A usina produz no ritmo dela, mas a obra consome conforme os caminhões chegam. O ciclo de transporte é: carregar, viajar até a pista, descarregar, voltar. Se a distância entre usina e obra é de 40 km, um caminhão com capacidade de 20 t pode completar em média de 4 a 5 viagens por turno, o que dá pouco mais de 80 a 100 t por dia por caminhão.

Frota de caminhões sem fila

Para não deixar a usina esperando, divida o tempo de ciclo total (carregamento, viagem, descarga e retorno) pelo intervalo entre carregamentos. Com 36 t/h e caminhão de 20 t, a usina enche um caminhão a cada 33 minutos; com ciclo total de 90 minutos, são necessários pelo menos 3 caminhões.

Massa asfáltica a quente tem janela de temperatura: ela precisa chegar à pista na temperatura de usinagem, sob pena de compactação insuficiente. Distâncias longas exigem caminhões com carroceria coberta e isolada.
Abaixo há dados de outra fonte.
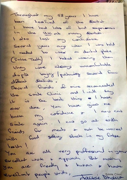 Through my 58 years of age I have been terrified of the dentist. I have had lots of bad experiences in the UK at many dentists. I also lost my confidence several years ago when I was told I need to wear a dental plate (false teeth). I hated wearing them, they were always uncomfortable despite several being from different dentists.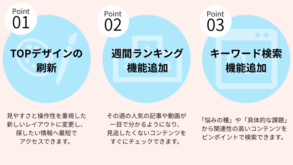 会員さまからのご意見を真摯に受け止め、「目的の情報にすぐアクセスできる」サイトを目指し、今回のリニューアルを決定いたしました。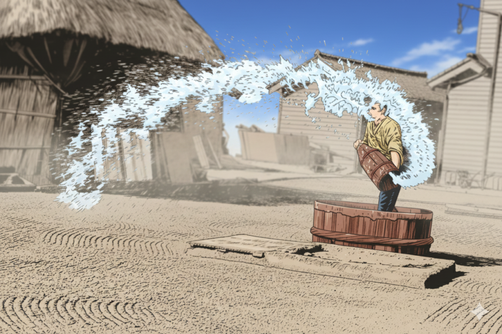 「塩田に海水をまいています。海水を円錐形のおけで広く薄くまく様子をイラストにしてください」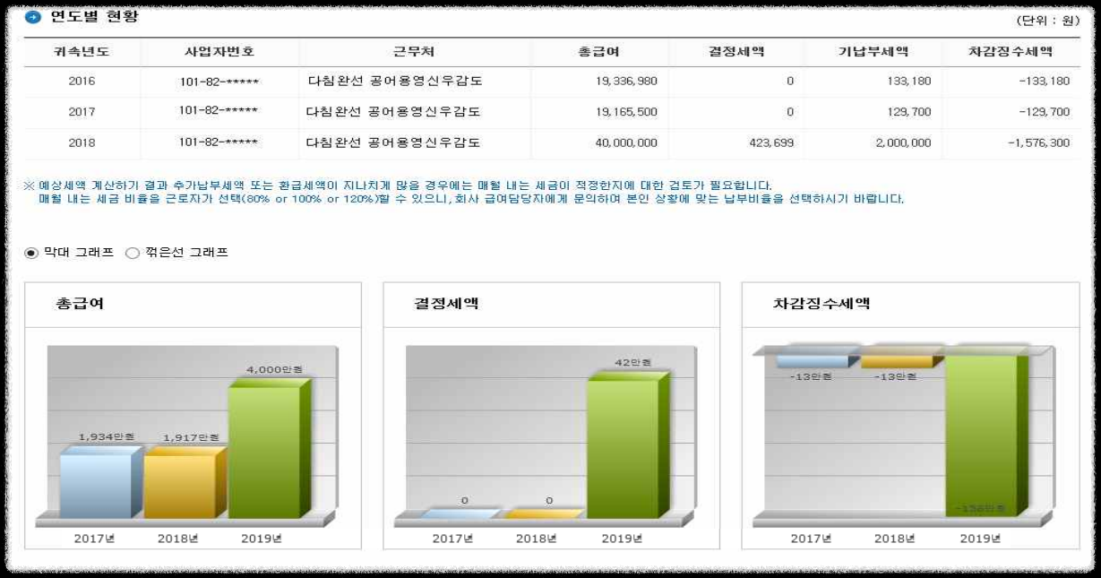 ○ [예상세액 계산하기]에서 작성된 내용을 바탕으로 최근 3년간의 연말정산 내용과 비교하여 추세를 살펴보는 화면입니다.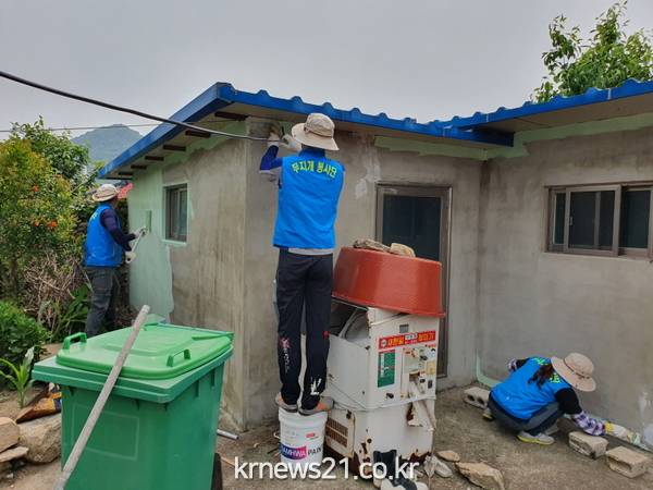지난 7일 무지개봉사단원 10명이 읍동마을 독거노인가구 집을 찾아 페인트 도색 활동을 펼쳤다.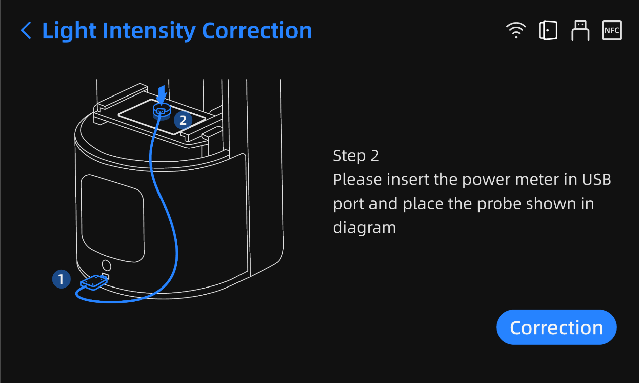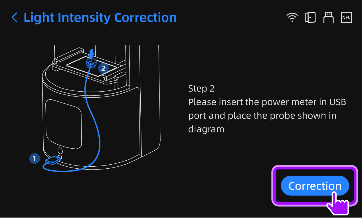 a. Insert the optical power meter into the USB port located on the front of the printer, below the software screen (Correction can't start if it's not inserted)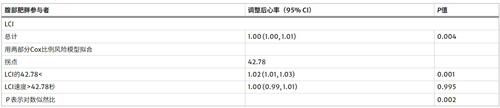 👉采用多变量调整限制性立方样条分析检测非线性关系,结果显示:AO 参与者中,AIP、非 HDL-C 等 5 项指标与 CMM 风险线性正相关(非线性 P>0.05),仅 LCI 呈非线性相关(非线性 P<0.05);经两段 Cox 模型分析,其拐点为 42.78,LCI < 该值时与 CMM 风险正相关(HR=1.02),高于该值则无显著关联。无 AO 参与者中,AIP 等 4 项指标呈线性正相关,CRI-II 呈非线性相关,拐点为 4.06,拐点后与 CMM 风险显著正相关(HR=2.07),拐点前无关联。

4. Aplique o fator de segurança

Sobredimensionar levemente a usina protege contra imprevistos: chuvas que atrasam a obra, receitas que mudam, picos de demanda no fim do contrato. A prática comum é dimensionar a usina entre 1,2 e 1,5 vezes a necessidade horária real. No exemplo acima, isso coloca a usina na faixa de 40 a 50 t/h.

O excesso, porém, também custa caro. Uma usina de 120 t/h rodando a 30 t/h consome mais combustível por tonelada, aquece mais o material do que o necessário e produz mistura de qualidade inferior por ficar abaixo da temperatura de trabalho ideal. Capacidade demais não é vantagem.

5. Conte com picos de demanda

Se a obra tem frentes simultâneas, por exemplo capa de rolamento e acostamento ao mesmo tempo, o consumo pode dobrar em determinadas semanas. Levante o cronograma físico-financeiro e identifique os períodos de pico antes de fixar a capacidade. Em contratos de manutenção rodoviária, usinas menores com silos de armazenamento de mistura quente absorvem bem a variação sazonal.

Dimensionar é decidir com números

Antes de comprar ou alugar, coloque no papel: volume total, ritmo diário, eficiência, ciclo de transporte e picos. Com esses cinco números, a capacidade certa aparece sozinha. Evite escolher a usina pelo tamanho do vizinho ou pelo valor da proposta, pois a conta certa elimina tanto a parada de obra quanto o dinheiro parado em capacidade ociosa.